🛡️ ZENmode AI — Project Story
Inspiration
Every day, Reddit moderators fight an invisible war.
They wake up to hundreds of reports, spam floods, coordinated raids, toxic comment chains, and scam links — all while volunteering their time for free. There are 2.8 million subreddit moderators on Reddit, and most of them are burning out.
I've personally seen subreddit communities collapse — not because the topic became irrelevant, but because moderation couldn't keep up.
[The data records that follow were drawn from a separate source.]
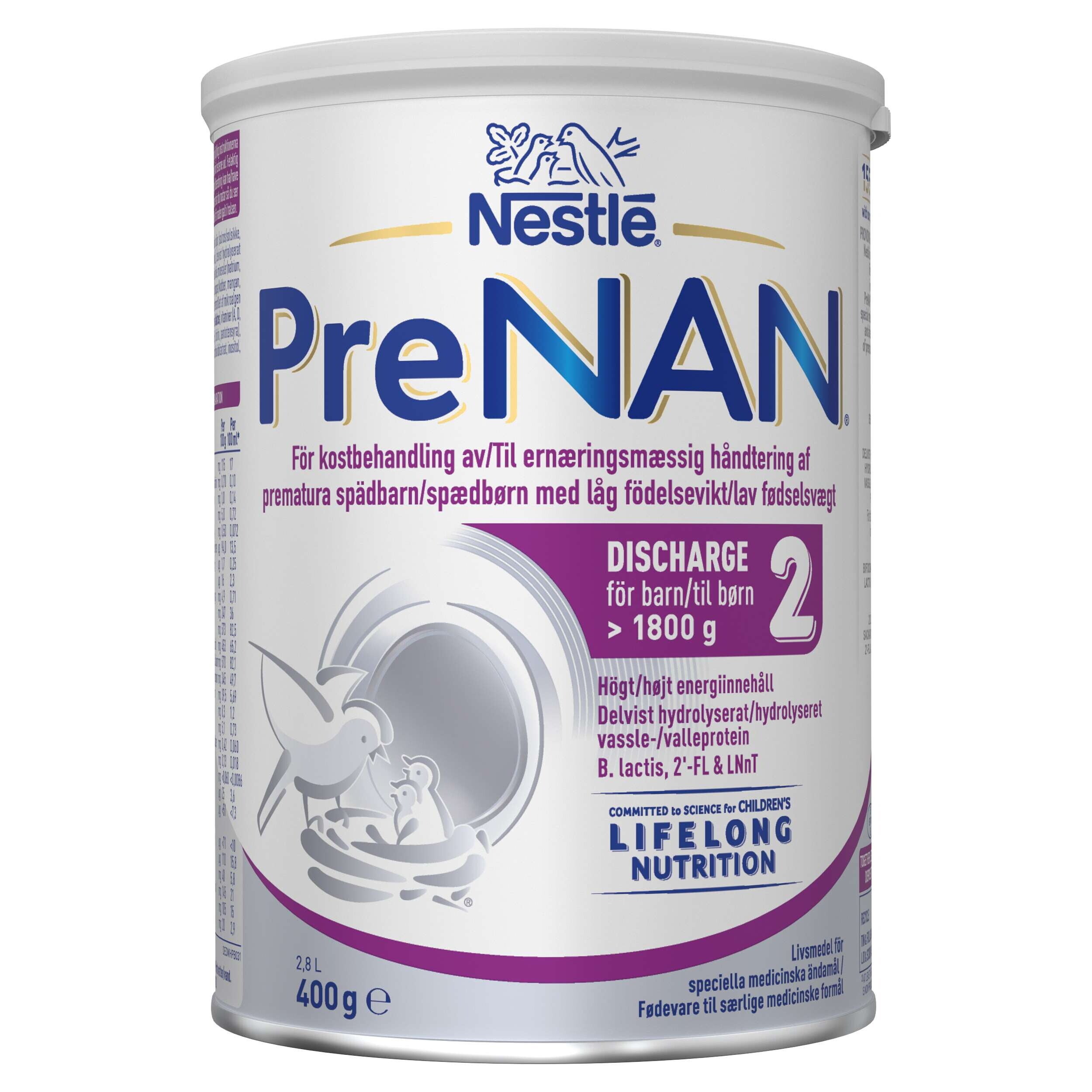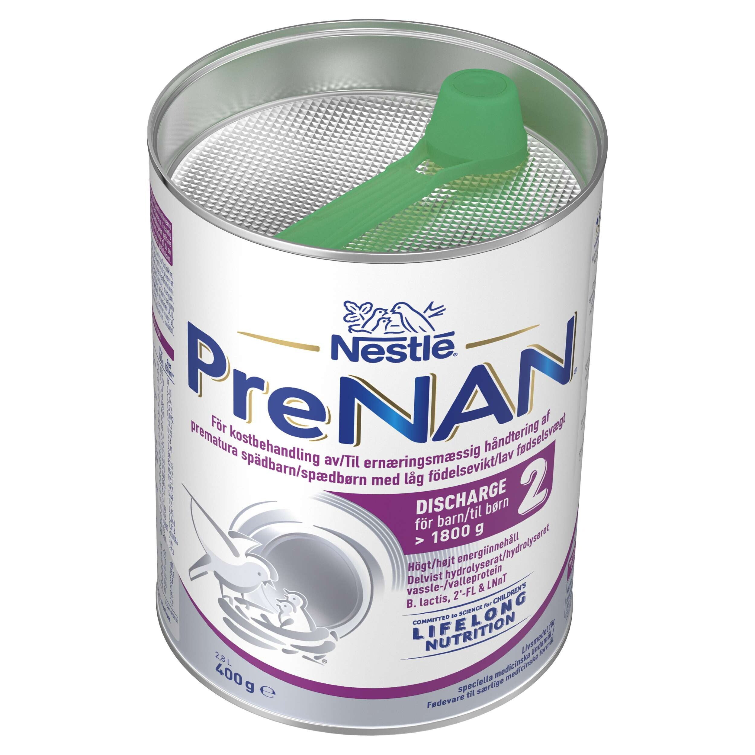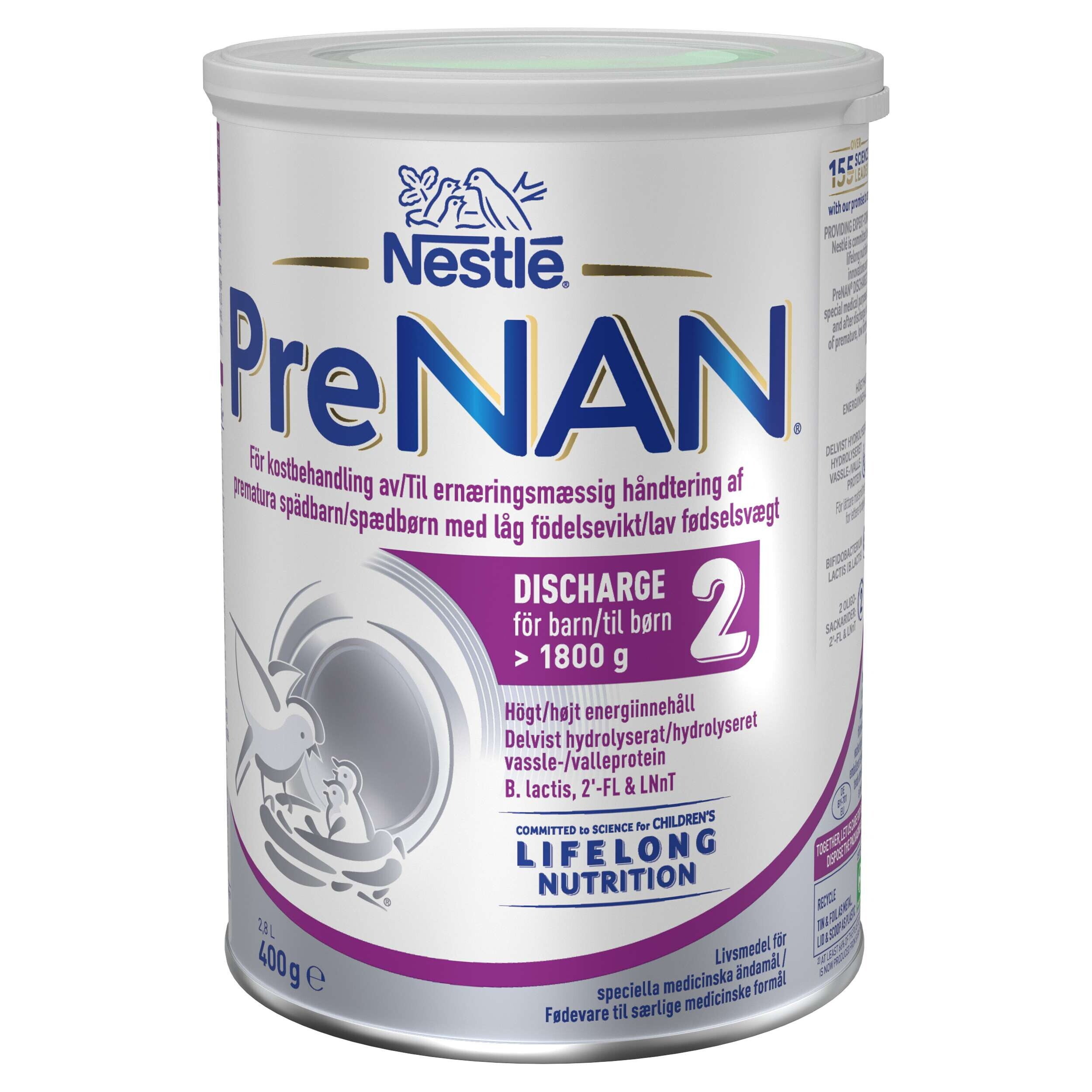 PreNAN Discharge 2 kostbehandling är speciellt anpassade för att tillgodose behovet hos prematura barn och barn med låg födelsevikt som av någon anledning inte kan ammas eller få bröstmjölk. PreNAN discharge används under övergångsperioden till en modersmjölksersättning avsedd för fullgångna barn. Används så länge barnläkare och/eller dietist rekommenderar.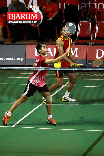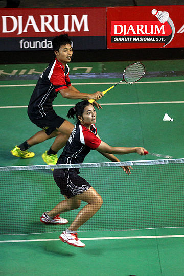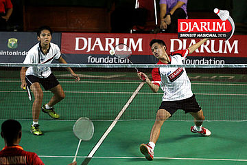Akbar Bintang/Ristya Ayu (Djarum Kudus) menyambut pengembalian dari Anggun Nugroho/Dian Fitriani (Halim/Pertamina Fastron).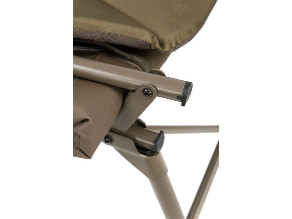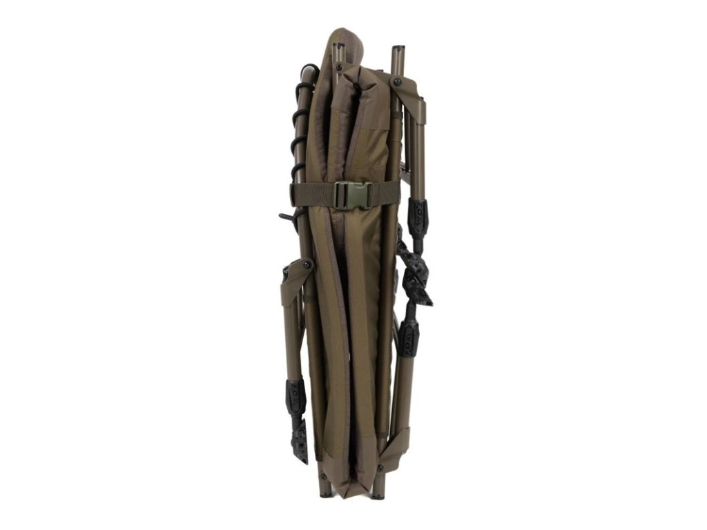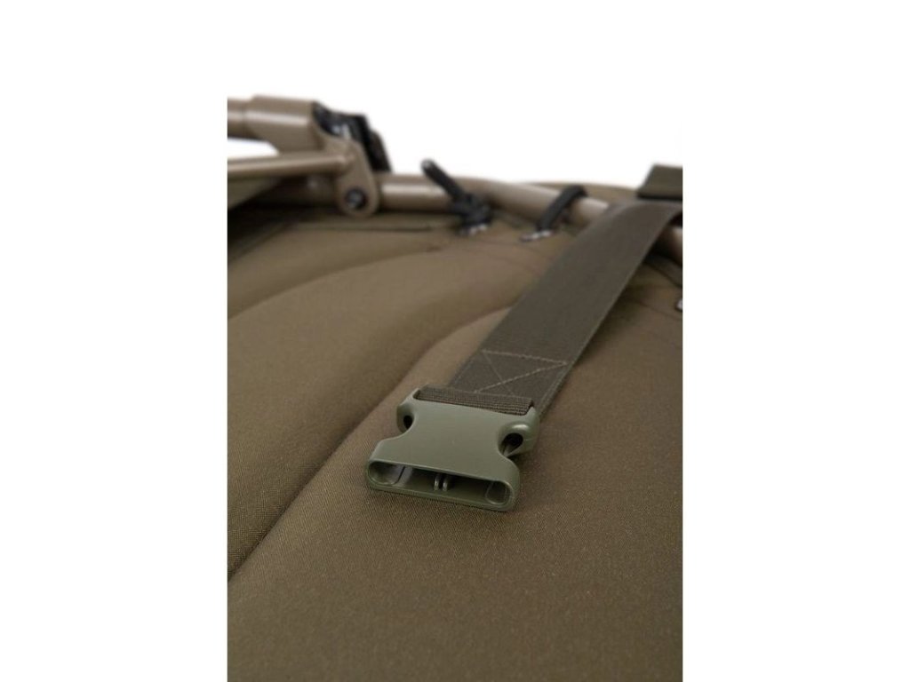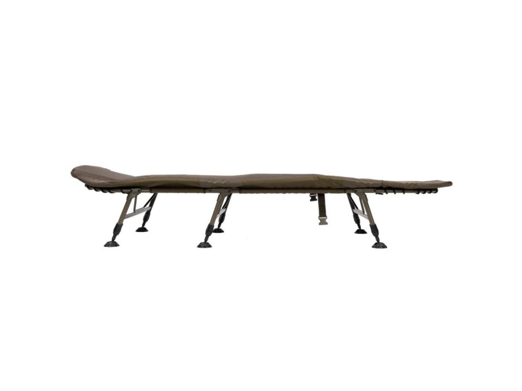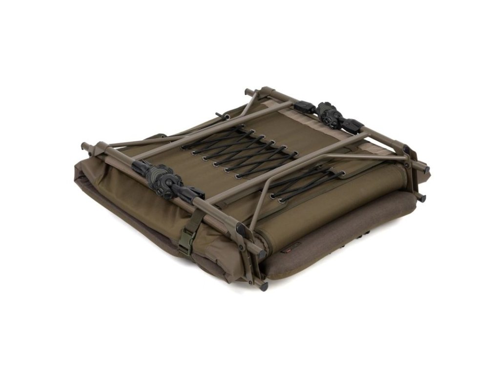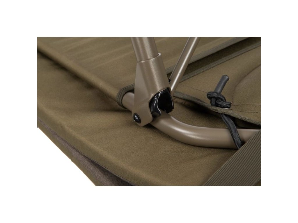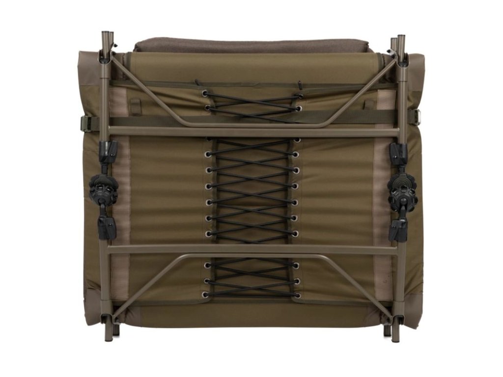 je kompaktní kaprařské lehátko určené pro krátké i vícedenní vycházky, když potřebujete pohodlné spaní, ale zároveň řešíte prostor v autě nebo v bivaku. Konstrukce s bočními napínacími popruhy drží lehátko při transportu stažené do menšího balíku a usnadňuje manipulaci. Šest výškově nastavitelných nohou s kloubovými bahenními patkami pomáhá stabilně postavit lehátko i na nerovném břehu a doladit výšku podle terénu a typu podložky.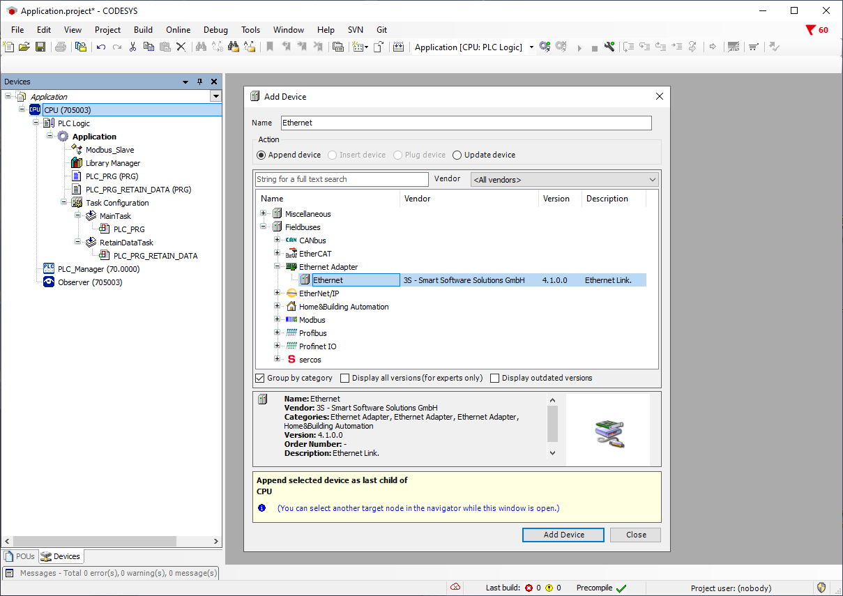 Beim dem variTRON, welches als Modbus TCP Slave dienen soll, muss über das Kontextmenü der CPU und dem Menüpunkt Add Device… die Schnittstelle Ethernet hinzugefügt werden.

A single raid can destroy years of community culture in under 10 minutes. A spam wave can bury genuine discussions under garbage. Toxic comment chains can drive good-faith users away permanently.
The existing tools were built for a different era. AutoModerator is powerful but requires you to think like a programmer. The report queue is a flat, unorganized list. There's no AI layer, no priority system, no predictive protection.
The question that drove this project: What if moderation could be as intelligent as the threats it faces?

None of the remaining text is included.